The tube should work just fine.  Make sure to leave the bottom vents open, and of course always leave the top vent open.  You'll find out the biggest problem with the WSM is the lack of rack space.  HINT:  the bradley racks fit in the 18.5 WSM if you bend the handles up.  You can fit 2 more racks in that way.  It should easily accommodate 5# of meat to start.


----------



## welshrarebit (Jan 3, 2015)

freakynorm said:


> I got mine on Amazon. I like that it's mostly aluminum and stainless steel and doesn't feel plasticy like some of the ones I saw at the store. Then again it costs twice as much as some other guns, but I really like it.



I was thinking I'm probably going that route and order some jerky spices and more cure. I think my wife threw out my old bag of cure!


----------



## welshrarebit (Jan 3, 2015)

tjs231 said:


> The tube should work just fine.  Make sure to leave the bottom vents open, and of course always leave the top vent open.  You'll find out the biggest problem with the WSM is the lack of rack space.  HINT:  the bradley racks fit in the 18.5 WSM if you bend the handles up.  You can fit 2 more racks in that way.  It should easily accommodate 5# of meat to start.



I have the 22.5 WSM. I could put my 22.5 OTS grill in there as well that should fit a bunch of sausages!


----------



## timstalltaletav (Jan 3, 2015)

Welshrarebit said:


> I was thinking I'm probably going that route and order some jerky spices and more cure. I think my wife threw out my old bag of cure!

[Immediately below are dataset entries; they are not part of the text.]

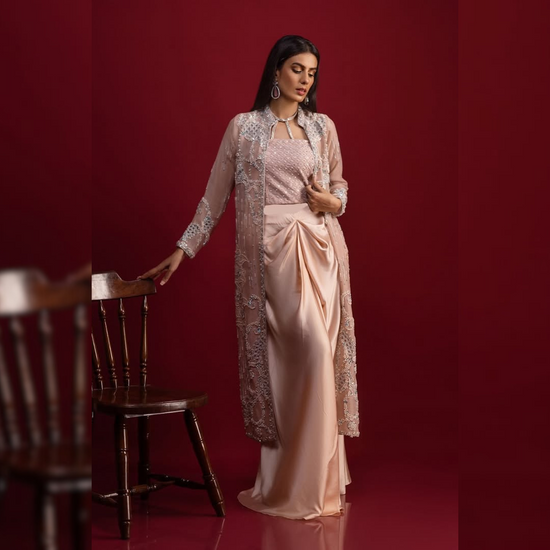 Our exquisite light pink organza jacket is a masterpiece of craftsmanship, featuring delicate pearls intricately embroidered throughout, cutwork embroidery, tambour beading, and contrasting aqua blue stones. This enchanting ensemble includes an embroidered net blouse and satin silk sarong, creating an unforgettable look for formal events and special occasions. The intricate details and luxurious fabrics ensure a regal presence.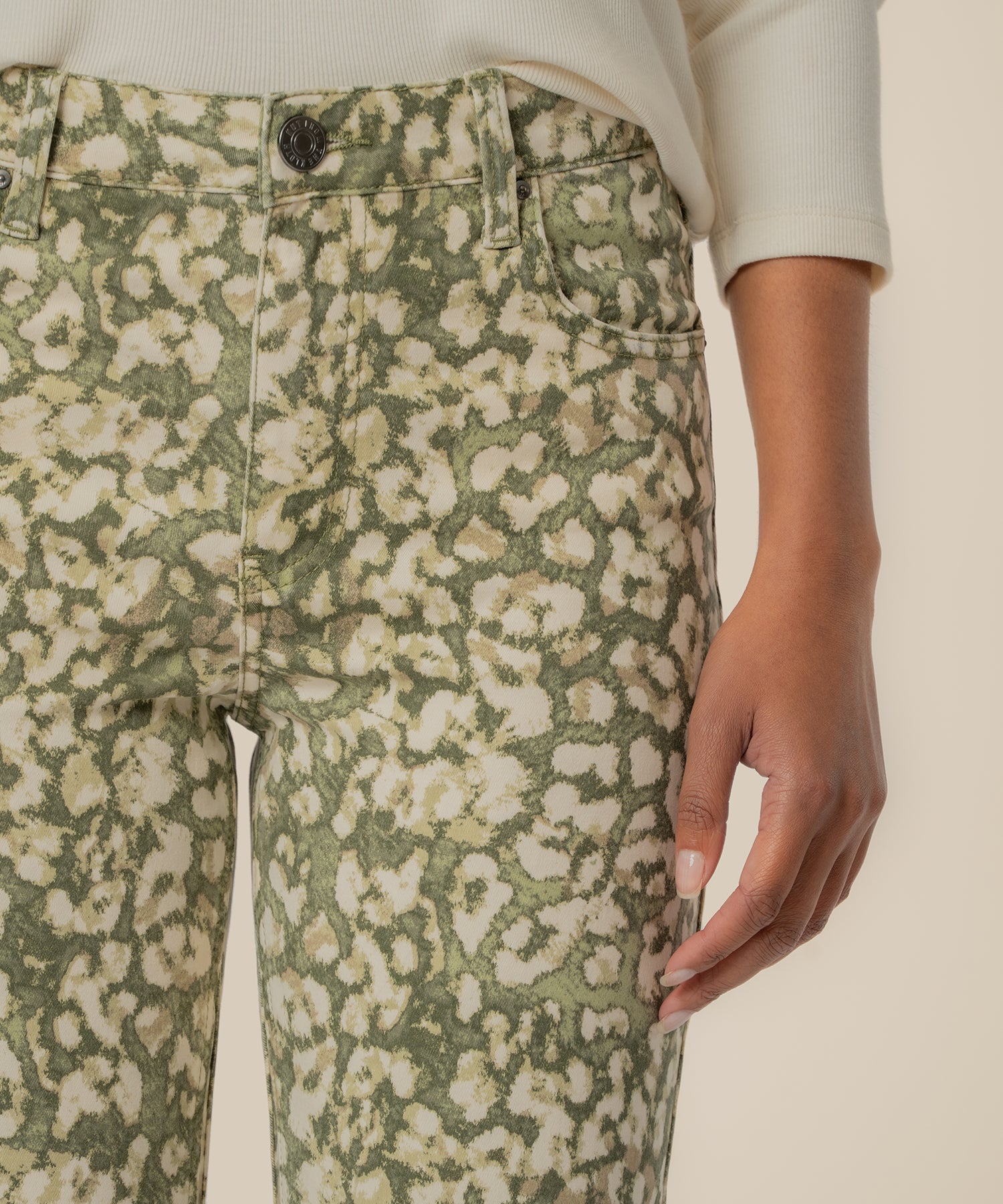 - Stand out in these high-rise ankle flare pants, featuring a bold animal print in rich dark olive tones for a modern, fashion-forward edge. Designed with classic front and back pockets for everyday functionality, they balance practicality with trend-driven appeal. The high-rise fit flatters the waist, while the ankle flare adds a sleek, leg-lengthening finish—making these pants a statement-making addition to any wardrobe.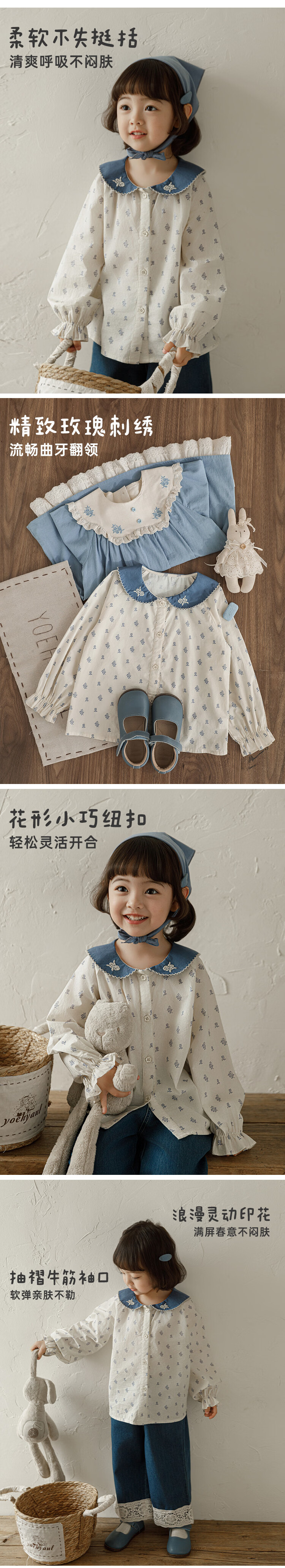 Youyou Girls 2026 Spring New Twill Cotton Contrast Color Lapel Shirt Cute, Endurable and Versatile for Children

Check Bearcarver's caseless stick step by step.  He has a great recipe.  Following that recipe = success!


----------



## timstalltaletav (Jan 3, 2015)

Welshrarebit said:


> I have the 22.5 WSM. I could put my 22.5 OTS grill in there as well that should fit a bunch of sausages!



Plenty of room then.  You can get 10# of sticks in the 22.5 with no problem


----------



## freakynorm (Jan 4, 2015)

I did up a batch of Cabelas Sweet and Spicy jerky mix and some Hi-Mountain pepperoni flavored mix. Both are excellent. I like them both better than the teriyaki. The sweet and spicy one has the perfect balance of mildly sweet and just a hint of spice. The pepperoni one is spot on but I would like a bit of heat in it. Maybe I'll add a few red pepper flakes in the next batch.

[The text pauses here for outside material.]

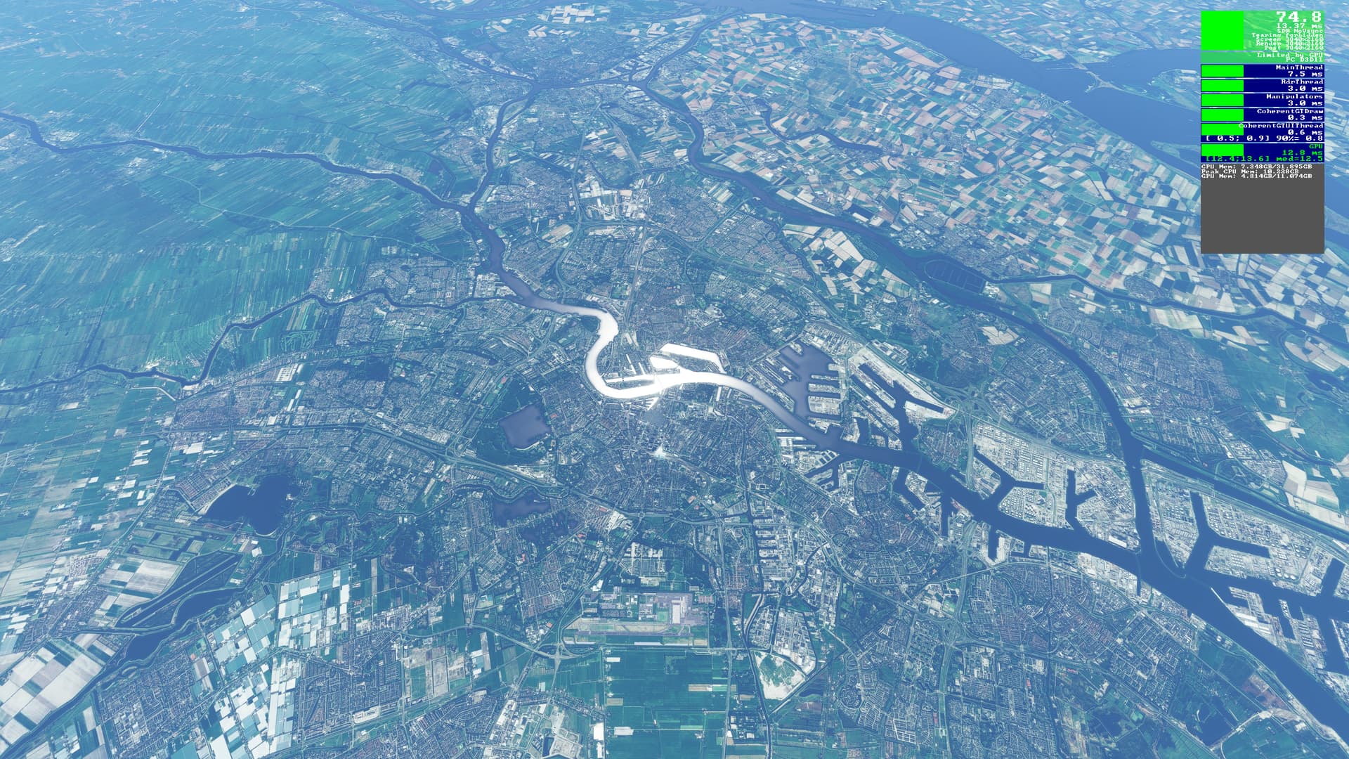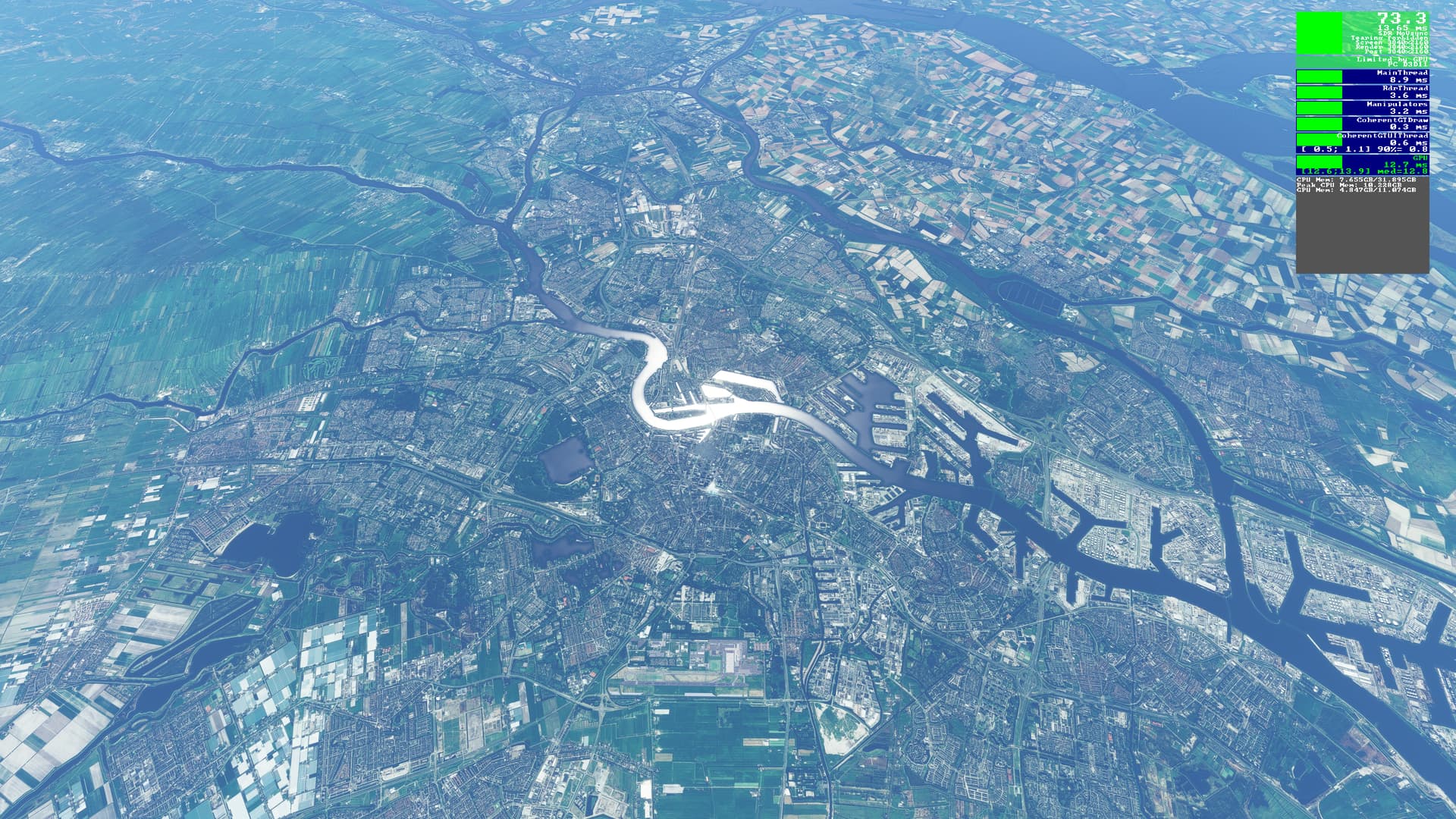 DAYTIME: (look closely at detail sattelite textures, it’s sharper in distance as well…)

I got a batch of 2 Hi-Mountain mixes on right now about to come off. I got Inferno which I suspect will be quite spicy since it had habanero pepper in the ingredients list and many warnings to wear gloves and not touch your face or eyes after handling the stuff. I also did their sweet and spicy mix too to see which one I like best.

Cabelas sells 2 different sampler packs for the Hi-Mountain brand which is very handy. That way you don't waste any extra money on a whole box of a mix you don't enjoy. They were $14 each and make 10lbs total, 2lbs of each flavor.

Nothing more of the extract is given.